The Pistons had guys starting at every position (except maybe center) who could have been all stars - and a pretty darn good bench

Additionally - they could be the exception that proved the rule.

Orlando is suddenly 'for real' - why? Cause Jameer Nelson seems to be playing the best ball of his career.

I hate to point it out - but check out utah - consistent every year with a lot of solid players - but never getting it done.

You probably can get it done with ONE star - but it has to be a top 10 (top 5) super star like a lebron or a kobe.

The sixers are still starting willie green - until you start 5 guys who SHOULD be nba starters (you can argue sam back and forth, but i think everyone agrees willie green isn't really an nba starting calibre player) -they really can't talk about 'well the pistons did it without stars' - they had really good players at almost every position and willie green probably wouldn't ahve cracked that rotation.

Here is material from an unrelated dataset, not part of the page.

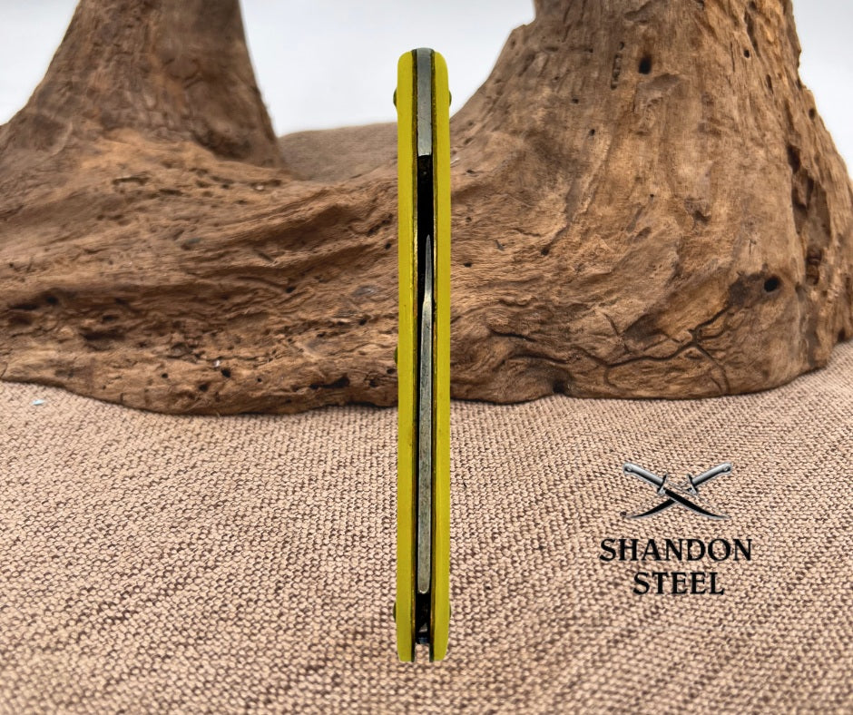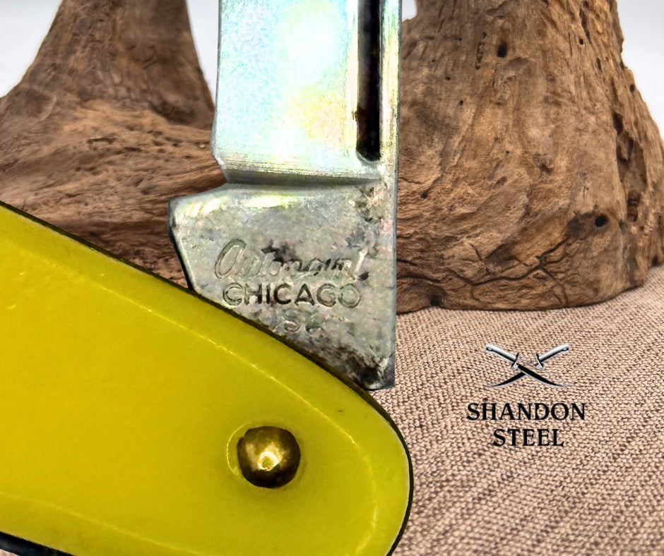 The Autopoint Pen Knife is a vintage pocketknife made in Chicago, USA with a classic design featuring a carbon steel blade and a slipjoint lock type. This ambidextrous knife has a 3 3/8" closed length, making it convenient for everyday carry. The yellow celluloid handles add a touch of nostalgia to this original collectible piece from the Autopoint brand. A must-have for collectors of vintage folding knives, this penknife is a unique and practical addition to any collection.

Yup. Two ways you could begin to mention the word Pistons in regard to the Sixers.

1. Iggy moves back to the two and excels at the position when Brand returns. Miller, Iggy, Thad, Brand, Sammy/Speights has the potential to be a very good lineup 1-5 (especially with Speights on the floor)
2. A trade for a guy like Mike Miller. Miller, Miller, Iggy, Brand, Speights with Lou and Thad as the first two off the bench.